I had the following article published in the religion column of our local paper. You’ll notice they re-titled the article. But I’m not the first author to differ with an editor 😉


Each year, a change comes over our house the day after Thanksgiving. A tree grows in the living room bearing brightly colored, glowing fruit. Stockings march single-file onto the hearth. Various nooks and crannies are surprised to find snowmen and Santas loitering in them. Carols begin pouring from the family room stereo. The Christmas season has come!

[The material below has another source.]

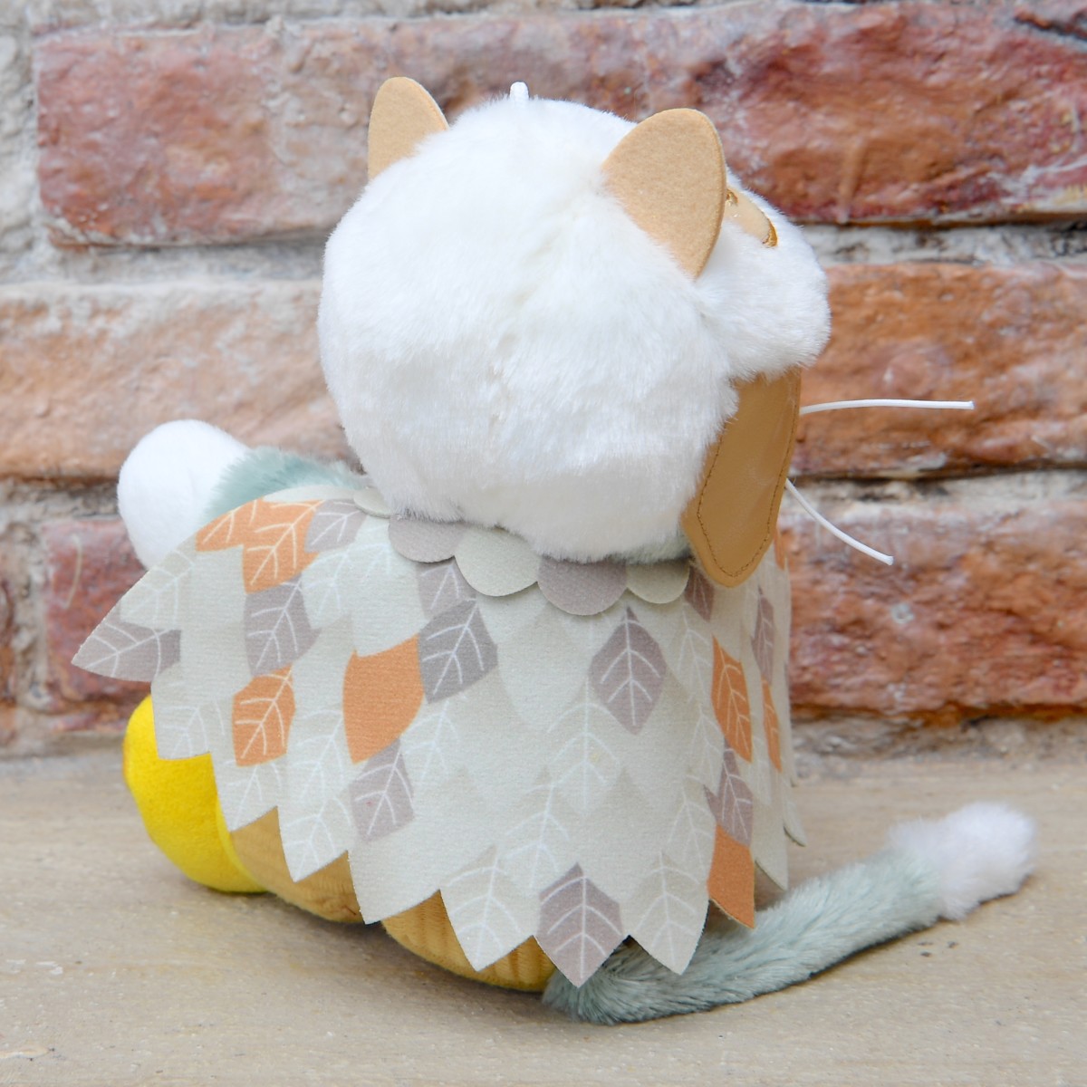 秋らしい色合いでフクロウに仮装している「ジェラトーニ」のぬいぐるみ。

At Christmastime we remember the birth of Christ. (This may or may not involve cookies). As I reflect on his birth, something occurs to me. Jesus’s sacrifice at the cross was monumental; so monumental it is easy to overlook the sacrifice of the incarnation. “Incarnation” is a 25 cent word that means Jesus (who is God) became human (John 1:1, 14). Philippians shows how the incarnation and the cross were both points on the same sacrificial trajectory:

Make your own attitude that of Christ Jesus, who, existing in the form of God, did not consider equality with God as something to be used for his own advantage. Instead he emptied Himself by assuming the form of a slave, taking on the likeness of men. And when He had come as a man in his external form, He humbled himself by becoming obedient to the point of death — even to death on a cross (Php. 2:5-8).